The handshake has been questioned by some in Israel, but her daughter says “she did what she felt was right at that moment”.
Sharone said the man was a paramedic who had tended to Yocheved during her captivity, and engaged with her in discussions of peace for the region. But Sharone was keen to stress the care Yocheved had received after the violent abduction should not detract from the hostages’ ordeal.
Until Yocheved’s release this week, there had been no news of the Nir Oz residents taken on the back of motorbikes and cars into Gaza.
Among the kidnapped is eight-year-old Ohad Munder-Zichri, his mother and two grandparents.
Ohad’s older cousin Osnat, 54, described the boy as “very, very smart” and “a gifted child”.
“He’s very good at everything he does, since he was born,” she says.
Osnat and her children left Tel Aviv for Jerusalem, where they are staying with family, to escape the rocket barrages from Gaza.

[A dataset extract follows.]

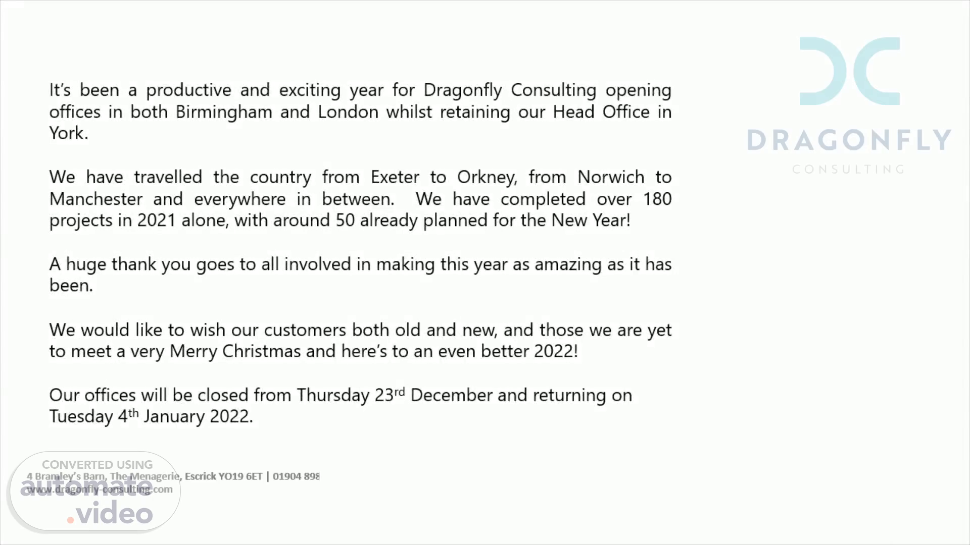 It’s been a productive and exciting year for Dragonfly Consulting opening offices in both Birmingham and London whilst retaining our Head Office in York. We have travelled the country from Exeter to Orkney, from Norwich to Manchester and everywhere in between. We have completed over 180 projects in 2021 alone, with around 50 already planned for the New Year! A huge thank you goes to all involved in making this year as amazing as it has been. We would like to wish our customers both old and new, and those we are yet to meet a very Merry Christmas and here’s to an even better 2022! Our offices will be closed from Thursday 23 rd December and returning on Tuesday 4 th January 2022..

The attack on Nir Oz, founded by her parents in the mid-50s, came as a great shock.
“Imagine yourself, you’re sitting in your home,” Osnat told me. “You’ve done nothing to no-one and people, the worse kind of people, break into your house, take you out of your house and kidnap you.”
One cousin was killed in the attack, she says.
This week was Ohad’s ninth birthday, but his family says they can’t celebrate until he and the rest of his family are free.
In the days after her release, Yocheved was able to describe not only the conditions in which she’d been held captive but also that she’d been with other members of Nir Oz – but neither Ohad nor Sharone’s father, Oden, were among them.
Despite her mother’s release, Sharone says it’s too early to look to the future. Her parents’ home in Nir Oz has been burned to the ground and everything from her mum’s photography career and her dad’s days in journalism has been lost.
She says she won’t return to her own family in the UK, nor will her mother Yocheved rest until Oded and the other members of Kibbutz Nir Oz, including Ohad, are free.